## Requirement
Reproduce only what runs from the line containing "4月25日,由西安体育学院学" to the line containing "Tela -------- Tela" in the records below, inclusive. Keep it exact, and keep the pictures out.

## Data section
------------

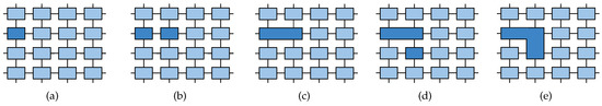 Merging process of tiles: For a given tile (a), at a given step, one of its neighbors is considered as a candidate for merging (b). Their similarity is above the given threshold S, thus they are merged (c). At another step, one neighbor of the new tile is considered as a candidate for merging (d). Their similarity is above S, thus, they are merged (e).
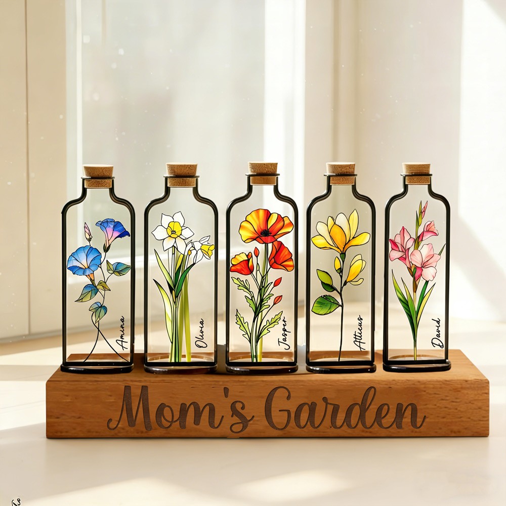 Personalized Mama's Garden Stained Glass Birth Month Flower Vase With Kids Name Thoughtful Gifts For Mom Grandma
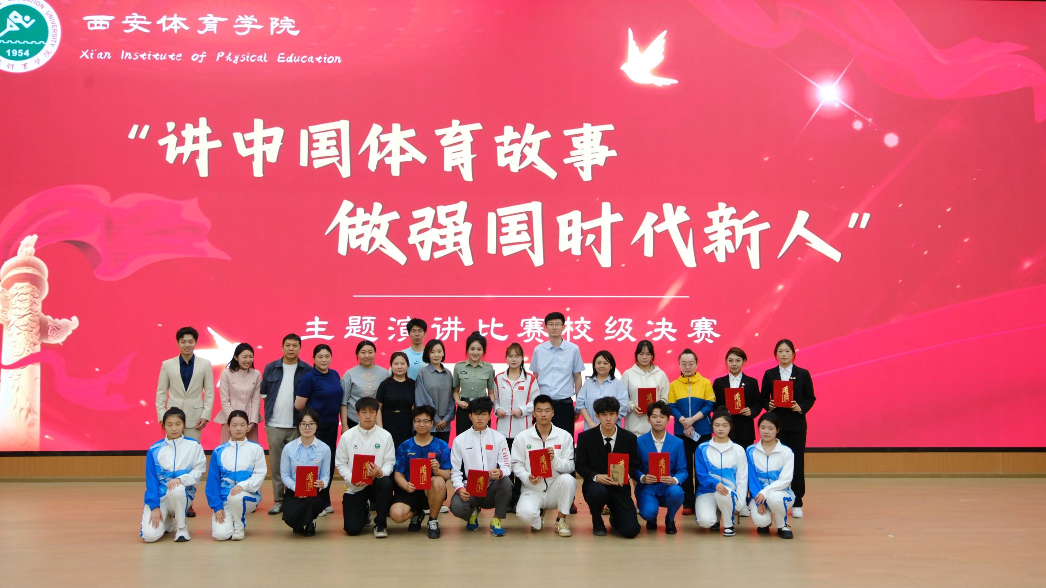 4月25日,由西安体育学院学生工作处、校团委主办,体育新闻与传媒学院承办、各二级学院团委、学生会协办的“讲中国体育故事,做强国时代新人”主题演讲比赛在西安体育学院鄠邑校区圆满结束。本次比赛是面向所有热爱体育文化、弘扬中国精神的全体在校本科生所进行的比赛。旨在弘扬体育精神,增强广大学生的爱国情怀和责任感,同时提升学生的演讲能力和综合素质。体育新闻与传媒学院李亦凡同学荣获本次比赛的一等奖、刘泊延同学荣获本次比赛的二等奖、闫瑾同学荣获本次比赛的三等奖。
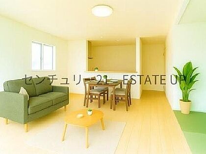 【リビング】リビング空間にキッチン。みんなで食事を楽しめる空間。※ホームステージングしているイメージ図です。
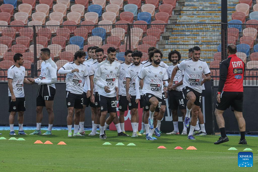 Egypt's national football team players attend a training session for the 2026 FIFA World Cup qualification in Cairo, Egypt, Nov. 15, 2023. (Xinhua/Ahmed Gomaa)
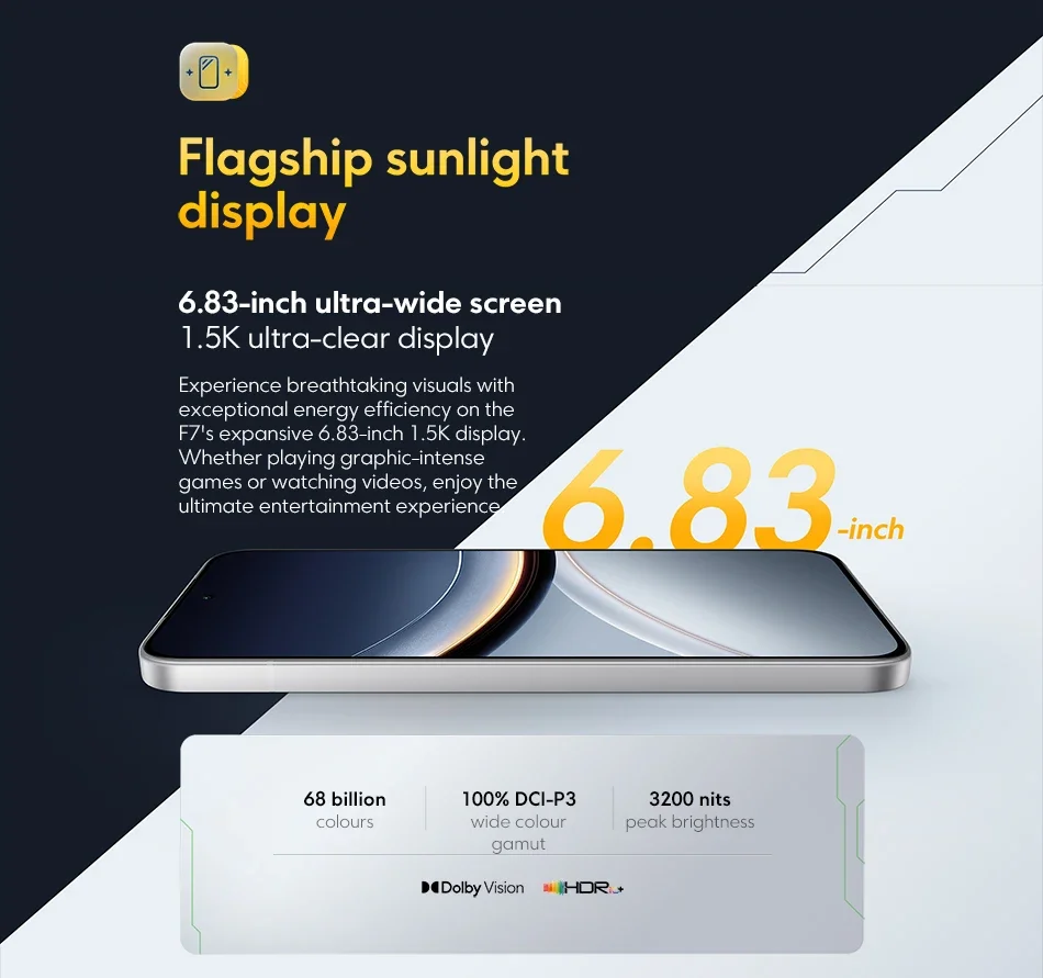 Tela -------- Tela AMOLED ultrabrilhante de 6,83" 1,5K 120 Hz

------------

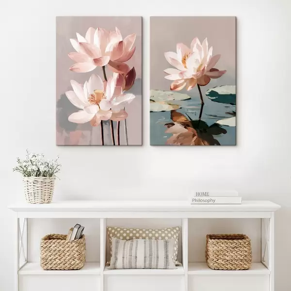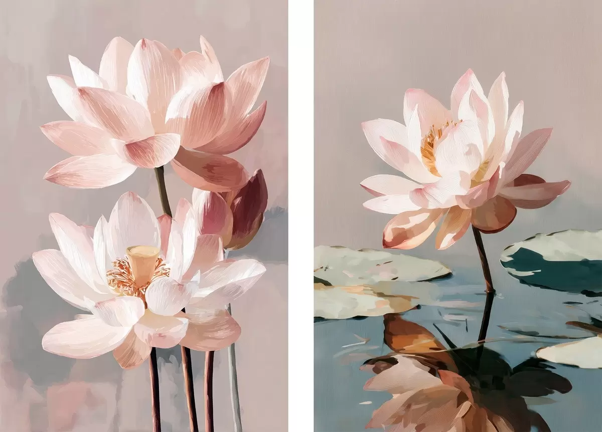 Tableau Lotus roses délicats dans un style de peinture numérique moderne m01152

------------

## Your response
 4月25日,由西安体育学院学生工作处、校团委主办,体育新闻与传媒学院承办、各二级学院团委、学生会协办的“讲中国体育故事,做强国时代新人”主题演讲比赛在西安体育学院鄠邑校区圆满结束。本次比赛是面向所有热爱体育文化、弘扬中国精神的全体在校本科生所进行的比赛。旨在弘扬体育精神,增强广大学生的爱国情怀和责任感,同时提升学生的演讲能力和综合素质。体育新闻与传媒学院李亦凡同学荣获本次比赛的一等奖、刘泊延同学荣获本次比赛的二等奖、闫瑾同学荣获本次比赛的三等奖。
 【リビング】リビング空間にキッチン。みんなで食事を楽しめる空間。※ホームステージングしているイメージ図です。
 Egypt's national football team players attend a training session for the 2026 FIFA World Cup qualification in Cairo, Egypt, Nov. 15, 2023. (Xinhua/Ahmed Gomaa)
 Tela -------- Tela AMOLED ultrabrilhante de 6,83" 1,5K 120 Hz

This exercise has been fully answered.